Außerdem wird die Stationierung amerikanischer Mittelstreckenraketen wohl abgesagt. Joe Biden und der damalige Bundeskanzler Olaf Scholz hatten 2024 eine Stationierung von Teilen der amerikanischen Multi Domain Task Force in Deutschland vereinbart. Erstmals seit dem Ende des Kalten Krieges sollten damit weitreichende amerikanische Raketen in Deutschland stationiert werden. Es ging um Tomahawk-Marschflugkörper, Mehrzweckraketen vom Typ SM-6 sowie die neuen Hyperschallraketen vom Typ Dark Eagle. Die Stationierung war von diesem Jahr an als Übergang geplant, so lange, bis die europäischen Partner ähnliche Fähigkeiten entwickelt haben. Amerikanischen Medienberichten zufolge sei diese Stationierung nun hinfällig.
Kommt es wirklich zu dem Abzug?
Das lässt sich kaum sagen, es gibt allerdings gesetzliche Hürden. Der Kongress hatte vergangenes Jahr einen Sicherheitsmechanismus beschlossen: Die Gesamtzahl der Streitkräfte, die dauerhaft im Zuständigkeitsbereich des Europa-Kommandos sind, darf nicht länger als 45 Tage unter 76.000 liegen.

Nach aktuellem Stand würden die Vereinigten Staaten diese Mindestanzahl nicht unterschreiten. Allerdings hatte Trump zuletzt auch einen Teilabzug in Italien und Spanien ins Spiel gebracht. Theoretisch möglich wäre auch, dass die amerikanische Regierung die Ankündigung nur als Druckmittel einsetzt – und dann wieder einlenkt.
Trump hatte bereits in seiner ersten Amtszeit angekündigt, er wolle 12.000 der damals rund 35.000 amerikanischen Soldaten aus Deutschland abziehen. Er beschrieb das Vorhaben damals als Strafaktion für die aus seiner Sicht mangelnden deutschen Militärausgaben. Doch sein Nachfolger Joe Biden stoppte die Pläne.
Welche Bedeutung haben die Stützpunkte für das amerikanische Militär?
Das größte amerikanische Militärkrankenhaus im Ausland befindet sich im rheinland-pfälzischen Landstuhl. Amerikanische Soldaten, die in Auslandseinsätzen verwundet werden, müssen für eine schnelle und hochwertige Behandlung also nicht den weiten Weg bis in die Vereinigten Staaten gebracht werden.
Der größte amerikanische Truppenübungsplatz außerhalb der USA liegt nahe Grafenwöhr in Bayern. In Stuttgart befinden zudem sich die Hauptquartiere des Europa-Kommandos (EUCOM) und des Afrika-Kommandos (AFRICOM) der amerikanischen Streitkräfte, in Wiesbaden die Zentrale des amerikanischen Heeres in Europa.

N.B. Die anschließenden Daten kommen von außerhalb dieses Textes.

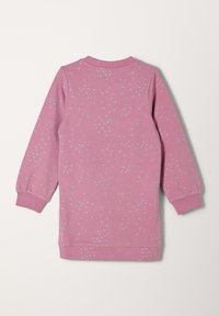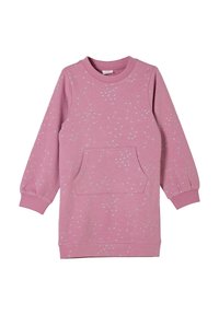 Robe pour enfants à manches longues, rose, ornée de paillettes argentées en forme d'étoiles et d'une poche kangourou à l'avant, avec des poignets et un col côtelés.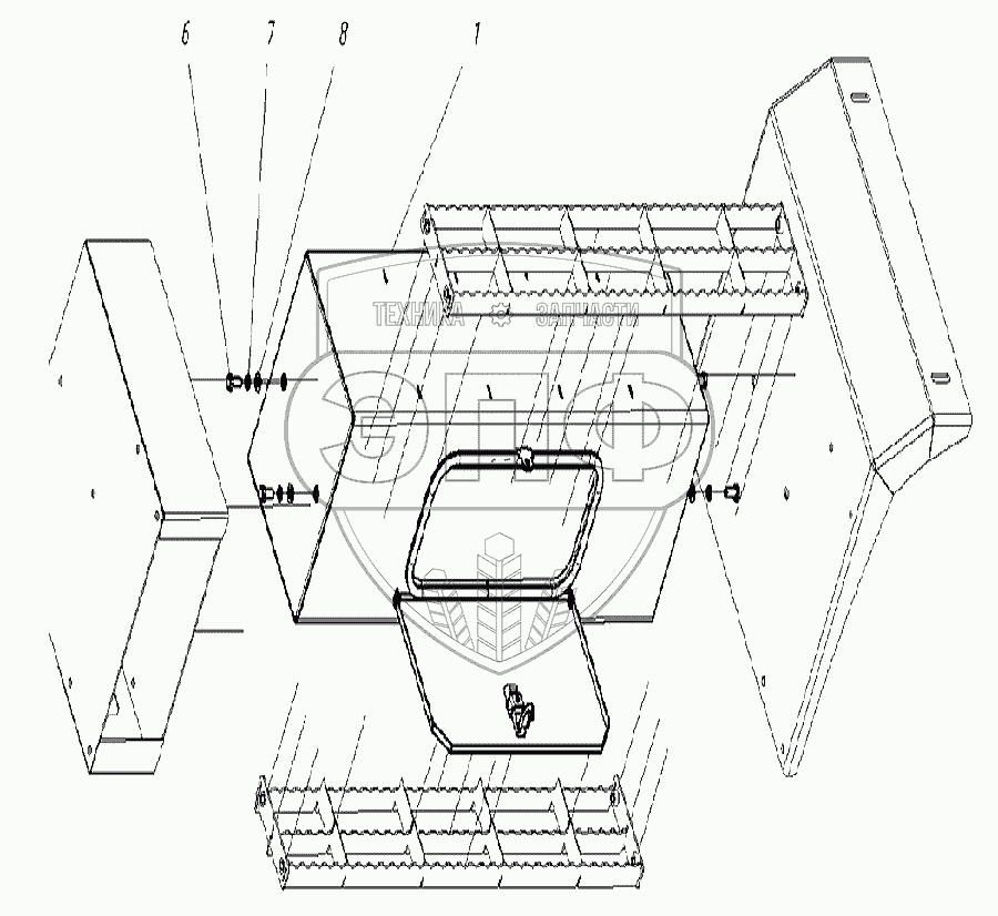 Каталог запасных частей к технике: ТВЭКС ТХ-210. 206150000000 15 Установка инструментального ящика справа

Welche Rolle spielen die Stützpunkte für die betroffenen Regionen?
Neben sicherheitspolitischen Aspekten sind die Standorte ein wichtiger Wirtschaftsfaktor für die jeweilige Region, etwa durch die Beschäftigung Deutscher oder den Konsum durch amerikanische Streitkräfte. Beispiel Ramstein in der Pfalz: „Die Wirtschaftskraft der US-Militärpräsenz lässt sich pro Fiskaljahr auf mehr als zwei Milliarden US-Dollar beziffern“, sagt Ralf Hechler (CDU), Bürgermeister der Gemeinde Ramstein nahe dem riesigen Stützpunkt. Inbegriffen sind etwa Löhne, Mieten und Aufträge für lokale Firmen.